Fernbrae Meadows is one of several projects that used NatureScot’s ERDF Green Infrastructure Fund to transform sites whilst making a valuable contribution to the triple crises of health, climate change, and biodiversity.

    Fernbrae Meadows

    The Fund enables projects that are built on community co-design to create multi-functional greenspaces on a major scale, to tackle issues associated with multiple deprivation, such as health inequalities. Fernbrae Meadows and Claypits are excellent examples of how good practice can produce valued, rejuvenated places.

    The site of Fernbrae Meadows was previously a private golf course, on the border between Glasgow City and South Lanarkshire. This has been transformed by South Lanarkshire Council (SLC) into a large, bio-diverse ecology park. Previously physically inaccessible to nearby residents, the park had over 850 visits per day by May 2021 and it now forms a link with the wider green network of Glasgow and South Lanarkshire.

    Transforming the 20 hectare site began in 2015 and was completed in 2019. SLC spent much of that time working with the local community, arranging funding and undertaking planning requirements. The actual construction phase took just over six months. A dedicated communities’ officer was engaged for the duration of the work, and landscape architects Ironside Farrar were appointed for the design.

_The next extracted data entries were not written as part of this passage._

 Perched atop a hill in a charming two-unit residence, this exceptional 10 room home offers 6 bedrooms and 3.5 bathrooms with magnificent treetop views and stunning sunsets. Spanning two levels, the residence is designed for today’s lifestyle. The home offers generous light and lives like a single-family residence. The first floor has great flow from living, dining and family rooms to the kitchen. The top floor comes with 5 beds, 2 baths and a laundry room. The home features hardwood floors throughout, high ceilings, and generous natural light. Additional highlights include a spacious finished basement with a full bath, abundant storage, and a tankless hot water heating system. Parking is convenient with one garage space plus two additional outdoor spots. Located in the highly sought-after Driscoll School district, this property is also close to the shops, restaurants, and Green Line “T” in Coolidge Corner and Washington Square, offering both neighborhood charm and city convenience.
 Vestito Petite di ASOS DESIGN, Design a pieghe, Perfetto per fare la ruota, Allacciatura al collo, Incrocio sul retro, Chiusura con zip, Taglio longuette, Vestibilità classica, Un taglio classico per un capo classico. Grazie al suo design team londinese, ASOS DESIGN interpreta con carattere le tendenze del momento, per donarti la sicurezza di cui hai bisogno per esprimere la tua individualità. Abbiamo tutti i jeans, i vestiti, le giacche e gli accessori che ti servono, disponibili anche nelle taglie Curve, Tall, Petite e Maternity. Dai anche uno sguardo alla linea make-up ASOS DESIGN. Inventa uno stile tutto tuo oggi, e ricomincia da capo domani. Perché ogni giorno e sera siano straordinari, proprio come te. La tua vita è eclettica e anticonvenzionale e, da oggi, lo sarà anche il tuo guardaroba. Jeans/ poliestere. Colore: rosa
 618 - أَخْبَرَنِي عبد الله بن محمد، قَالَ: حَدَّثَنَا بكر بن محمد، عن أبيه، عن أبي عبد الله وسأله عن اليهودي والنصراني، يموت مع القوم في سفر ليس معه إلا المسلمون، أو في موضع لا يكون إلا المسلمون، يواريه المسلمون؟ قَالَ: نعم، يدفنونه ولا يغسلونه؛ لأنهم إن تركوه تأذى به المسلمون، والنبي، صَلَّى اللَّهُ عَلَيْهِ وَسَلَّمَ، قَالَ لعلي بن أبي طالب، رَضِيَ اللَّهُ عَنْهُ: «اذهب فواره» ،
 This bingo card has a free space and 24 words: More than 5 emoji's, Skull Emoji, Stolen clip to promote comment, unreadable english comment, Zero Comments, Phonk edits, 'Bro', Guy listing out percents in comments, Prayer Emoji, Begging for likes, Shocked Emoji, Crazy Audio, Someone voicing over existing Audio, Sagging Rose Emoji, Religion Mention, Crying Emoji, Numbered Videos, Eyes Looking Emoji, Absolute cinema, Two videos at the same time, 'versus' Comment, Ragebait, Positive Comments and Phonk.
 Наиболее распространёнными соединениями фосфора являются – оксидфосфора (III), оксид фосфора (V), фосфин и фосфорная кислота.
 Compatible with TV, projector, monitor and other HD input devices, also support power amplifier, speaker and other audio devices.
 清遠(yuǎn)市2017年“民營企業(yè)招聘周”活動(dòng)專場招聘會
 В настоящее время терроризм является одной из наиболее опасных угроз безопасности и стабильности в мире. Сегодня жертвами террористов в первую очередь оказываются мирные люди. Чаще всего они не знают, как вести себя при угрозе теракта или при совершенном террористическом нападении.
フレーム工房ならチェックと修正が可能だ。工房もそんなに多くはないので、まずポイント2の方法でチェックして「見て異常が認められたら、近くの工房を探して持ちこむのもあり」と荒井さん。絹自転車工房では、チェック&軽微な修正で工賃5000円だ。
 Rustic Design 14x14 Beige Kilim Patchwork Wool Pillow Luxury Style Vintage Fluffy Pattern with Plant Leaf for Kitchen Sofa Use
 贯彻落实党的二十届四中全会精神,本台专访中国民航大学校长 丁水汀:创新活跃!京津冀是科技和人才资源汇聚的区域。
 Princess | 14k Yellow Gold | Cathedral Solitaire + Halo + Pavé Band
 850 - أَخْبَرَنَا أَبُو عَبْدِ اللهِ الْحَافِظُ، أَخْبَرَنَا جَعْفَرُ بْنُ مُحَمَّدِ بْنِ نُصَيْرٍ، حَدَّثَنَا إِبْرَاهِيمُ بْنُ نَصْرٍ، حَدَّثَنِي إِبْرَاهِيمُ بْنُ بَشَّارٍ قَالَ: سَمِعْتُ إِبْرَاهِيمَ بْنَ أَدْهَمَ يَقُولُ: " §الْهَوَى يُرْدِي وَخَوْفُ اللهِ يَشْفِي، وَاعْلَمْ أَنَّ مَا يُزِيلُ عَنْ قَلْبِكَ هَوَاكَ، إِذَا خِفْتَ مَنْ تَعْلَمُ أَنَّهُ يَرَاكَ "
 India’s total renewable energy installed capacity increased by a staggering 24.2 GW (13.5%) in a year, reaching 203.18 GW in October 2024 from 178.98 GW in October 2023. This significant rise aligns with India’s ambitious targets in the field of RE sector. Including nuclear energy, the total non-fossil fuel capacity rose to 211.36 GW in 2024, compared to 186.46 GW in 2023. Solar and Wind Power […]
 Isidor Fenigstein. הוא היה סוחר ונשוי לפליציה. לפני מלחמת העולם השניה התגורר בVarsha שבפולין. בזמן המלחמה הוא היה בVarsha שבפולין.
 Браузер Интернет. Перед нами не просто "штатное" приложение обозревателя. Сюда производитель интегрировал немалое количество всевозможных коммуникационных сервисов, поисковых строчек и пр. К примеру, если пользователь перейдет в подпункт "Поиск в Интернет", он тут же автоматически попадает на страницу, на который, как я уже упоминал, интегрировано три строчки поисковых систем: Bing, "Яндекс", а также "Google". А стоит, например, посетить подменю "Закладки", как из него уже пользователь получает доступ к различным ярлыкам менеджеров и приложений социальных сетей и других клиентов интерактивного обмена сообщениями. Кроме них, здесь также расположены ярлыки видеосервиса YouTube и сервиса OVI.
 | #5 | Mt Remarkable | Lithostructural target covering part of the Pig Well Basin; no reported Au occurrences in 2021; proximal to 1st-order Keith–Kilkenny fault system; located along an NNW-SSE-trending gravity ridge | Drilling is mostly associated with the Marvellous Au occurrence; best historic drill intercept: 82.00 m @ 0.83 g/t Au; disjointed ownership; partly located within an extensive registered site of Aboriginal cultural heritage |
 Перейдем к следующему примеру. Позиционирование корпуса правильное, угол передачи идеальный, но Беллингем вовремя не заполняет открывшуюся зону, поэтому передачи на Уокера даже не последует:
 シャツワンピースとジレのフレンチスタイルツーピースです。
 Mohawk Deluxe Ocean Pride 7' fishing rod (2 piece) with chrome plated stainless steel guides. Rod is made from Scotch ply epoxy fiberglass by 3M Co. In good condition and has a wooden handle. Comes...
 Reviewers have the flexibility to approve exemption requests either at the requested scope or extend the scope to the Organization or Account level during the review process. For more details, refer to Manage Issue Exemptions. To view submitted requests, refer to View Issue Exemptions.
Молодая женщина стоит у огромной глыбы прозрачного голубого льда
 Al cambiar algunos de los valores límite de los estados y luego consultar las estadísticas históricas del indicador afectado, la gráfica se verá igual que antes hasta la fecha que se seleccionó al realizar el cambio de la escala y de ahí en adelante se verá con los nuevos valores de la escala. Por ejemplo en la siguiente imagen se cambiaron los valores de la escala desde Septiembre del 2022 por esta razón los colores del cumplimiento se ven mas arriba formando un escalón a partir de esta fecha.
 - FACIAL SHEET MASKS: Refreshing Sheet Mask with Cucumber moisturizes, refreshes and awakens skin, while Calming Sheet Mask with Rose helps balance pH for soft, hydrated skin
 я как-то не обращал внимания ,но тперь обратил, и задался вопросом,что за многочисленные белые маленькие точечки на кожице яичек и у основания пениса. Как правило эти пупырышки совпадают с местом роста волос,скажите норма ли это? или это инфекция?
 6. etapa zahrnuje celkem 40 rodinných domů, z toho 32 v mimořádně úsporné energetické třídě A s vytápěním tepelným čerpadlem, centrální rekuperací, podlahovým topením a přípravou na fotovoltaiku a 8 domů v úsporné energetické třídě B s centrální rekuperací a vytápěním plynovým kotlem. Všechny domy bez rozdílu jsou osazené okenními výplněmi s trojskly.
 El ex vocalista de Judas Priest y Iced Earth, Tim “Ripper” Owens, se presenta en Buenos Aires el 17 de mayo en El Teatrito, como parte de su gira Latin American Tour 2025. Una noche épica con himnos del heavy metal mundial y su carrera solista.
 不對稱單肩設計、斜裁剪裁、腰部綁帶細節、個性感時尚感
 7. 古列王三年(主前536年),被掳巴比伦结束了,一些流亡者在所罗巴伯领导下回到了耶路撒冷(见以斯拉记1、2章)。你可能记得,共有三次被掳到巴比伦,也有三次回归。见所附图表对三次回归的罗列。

    The ethos was to work with the existing landscape pattern of the golf course and build upon the ecological succession processes that had commenced since it had closed. Landscape design was based around appropriate and targeted interventions to reinforce landscape character and provide a healthy environment. Much of the focus was on providing a sense of ‘a walk in the country’ on peoples’ doorstep. There was a conscious decision to avoid the use of sealed path surfaces and instead a combination of whin-dust and grass paths were utilised to maximise the contrast with urban environments. Nonetheless an accessible loop was created, including the provision of a boardwalk on a former concreate dam structure that created an elevated view over recreated wetland habitats.

    Fernbrae Meadows – Wetland

    There was a careful use of detailing – vernacular elements such as whinstone walls, restoration of estate fencing – retention of existing features, such as a veteran hedging, re-use and reimagining of former golf course elements to reference its former use. Local, Lanarkshire historical apple varieties were used in the orchard. The pattern of movement was a response to emerging desire lines and the use of the golf course. Rather than obliterate tees and greens these were used to create nodes of interest or activity – sculptural features, informal play outdoor classrooms etc. In contrast to the mown grass of the golf greens and fairways, woodland, wildflower and wetland areas were created and enhanced.

    Another contrast with the golf course is water management. Golf courses are designed to shed water quickly but the park now contributes to flood prevention measures in the area. There are two SuDS ponds and two wetland areas to slow water run-off. In addition, a previously canalised stream has been naturalised into a meandering burn. They are attractive features in the park that deliver hugely for biodiversity, as well as practical ways of retaining water on site and reducing off-site flooding.

    The wishes of the local population have been central throughout the place-making process. Extensive co-design was undertaken from the start, and there is now a vibrant ‘Friends of Fernbrae’ group. The group plays an important role in park maintenance and management, and several members have attended training courses so they can contribute to monitoring its changes. The Friends group has been key in the site attaining Local Nature Reserve status, awarded in late 2021. Local schools visit regularly, using the park as an outdoor classroom. Organised social and health walks also make good use of the site.

    The sizable, undulating park provides an allotment area, raised vegetable beds for community use and an orchard. It also includes a junior mountain bike circuit that builds on the Commonwealth Games legacy of adjacent Cathkin Braes. The access connects directly to around eight kilometres of paths that extend beyond the site. It is also simply a green and pleasant place for respite from urban life. The views are extensive, taking in distant hills to the north and west (celebrated in a floorscape viewpoint) as well as a host of Greater Glasgow landmarks.

    A nature-based solutions approach, with extensive community engagement, lies at the heart of the project. The end result is a transformed and valued urban edge greenspace that optimises multiple benefits for people and nature. This is a fitting COP26-related legacy for the host city.